[Recorded data]
■ ■ ■

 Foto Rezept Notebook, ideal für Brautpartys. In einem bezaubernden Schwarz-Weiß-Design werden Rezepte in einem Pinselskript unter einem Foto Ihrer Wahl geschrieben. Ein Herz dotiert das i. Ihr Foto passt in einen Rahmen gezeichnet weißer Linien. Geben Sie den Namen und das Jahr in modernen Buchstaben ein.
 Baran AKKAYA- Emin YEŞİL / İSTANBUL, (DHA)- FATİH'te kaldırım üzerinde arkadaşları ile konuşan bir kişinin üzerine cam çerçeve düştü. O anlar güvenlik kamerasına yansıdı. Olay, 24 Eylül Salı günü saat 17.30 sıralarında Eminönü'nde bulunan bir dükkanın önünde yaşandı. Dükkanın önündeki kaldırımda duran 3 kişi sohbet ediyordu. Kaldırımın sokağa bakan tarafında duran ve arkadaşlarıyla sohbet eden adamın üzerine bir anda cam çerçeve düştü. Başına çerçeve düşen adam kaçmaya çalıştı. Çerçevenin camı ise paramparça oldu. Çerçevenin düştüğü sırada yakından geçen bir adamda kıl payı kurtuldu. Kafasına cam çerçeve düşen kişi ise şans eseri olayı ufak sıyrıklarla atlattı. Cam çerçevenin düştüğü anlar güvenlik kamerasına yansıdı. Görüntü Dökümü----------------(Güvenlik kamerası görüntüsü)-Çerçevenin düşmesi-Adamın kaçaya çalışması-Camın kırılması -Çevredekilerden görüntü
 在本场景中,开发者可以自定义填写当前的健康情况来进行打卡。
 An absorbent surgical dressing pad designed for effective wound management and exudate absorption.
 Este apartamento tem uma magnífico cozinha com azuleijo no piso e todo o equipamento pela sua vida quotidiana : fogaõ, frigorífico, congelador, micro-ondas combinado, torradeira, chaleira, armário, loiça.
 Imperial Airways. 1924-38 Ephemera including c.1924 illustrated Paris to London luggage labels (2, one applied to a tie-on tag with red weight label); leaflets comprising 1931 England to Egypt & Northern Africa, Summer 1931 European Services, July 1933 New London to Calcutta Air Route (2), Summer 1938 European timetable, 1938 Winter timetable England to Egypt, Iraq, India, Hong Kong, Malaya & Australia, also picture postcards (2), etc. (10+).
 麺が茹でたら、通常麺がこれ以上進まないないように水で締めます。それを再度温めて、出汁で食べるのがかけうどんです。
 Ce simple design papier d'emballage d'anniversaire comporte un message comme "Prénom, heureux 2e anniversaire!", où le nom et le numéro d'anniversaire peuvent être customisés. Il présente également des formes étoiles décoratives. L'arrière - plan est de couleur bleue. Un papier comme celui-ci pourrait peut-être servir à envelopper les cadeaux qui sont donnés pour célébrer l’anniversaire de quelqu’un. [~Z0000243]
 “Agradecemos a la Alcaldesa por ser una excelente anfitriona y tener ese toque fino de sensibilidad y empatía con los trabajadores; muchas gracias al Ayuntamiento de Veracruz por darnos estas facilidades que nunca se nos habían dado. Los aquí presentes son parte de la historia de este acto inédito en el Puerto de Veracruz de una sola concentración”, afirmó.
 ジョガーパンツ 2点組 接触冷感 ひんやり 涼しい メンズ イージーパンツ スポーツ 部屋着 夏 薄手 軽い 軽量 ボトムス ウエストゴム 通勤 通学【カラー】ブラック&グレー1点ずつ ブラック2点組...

■ ■ ■

## WHAT YOU HAVE TO DO
Keep only the lines from the one containing "Imperial Airways. 1924-38" to the end of the entries, and repeat them exactly.

## RESPONSE AREA
 Imperial Airways. 1924-38 Ephemera including c.1924 illustrated Paris to London luggage labels (2, one applied to a tie-on tag with red weight label); leaflets comprising 1931 England to Egypt & Northern Africa, Summer 1931 European Services, July 1933 New London to Calcutta Air Route (2), Summer 1938 European timetable, 1938 Winter timetable England to Egypt, Iraq, India, Hong Kong, Malaya & Australia, also picture postcards (2), etc. (10+).
 麺が茹でたら、通常麺がこれ以上進まないないように水で締めます。それを再度温めて、出汁で食べるのがかけうどんです。
 Ce simple design papier d'emballage d'anniversaire comporte un message comme "Prénom, heureux 2e anniversaire!", où le nom et le numéro d'anniversaire peuvent être customisés. Il présente également des formes étoiles décoratives. L'arrière - plan est de couleur bleue. Un papier comme celui-ci pourrait peut-être servir à envelopper les cadeaux qui sont donnés pour célébrer l’anniversaire de quelqu’un. [~Z0000243]
 “Agradecemos a la Alcaldesa por ser una excelente anfitriona y tener ese toque fino de sensibilidad y empatía con los trabajadores; muchas gracias al Ayuntamiento de Veracruz por darnos estas facilidades que nunca se nos habían dado. Los aquí presentes son parte de la historia de este acto inédito en el Puerto de Veracruz de una sola concentración”, afirmó.
 ジョガーパンツ 2点組 接触冷感 ひんやり 涼しい メンズ イージーパンツ スポーツ 部屋着 夏 薄手 軽い 軽量 ボトムス ウエストゴム 通勤 通学【カラー】ブラック&グレー1点ずつ ブラック2点組...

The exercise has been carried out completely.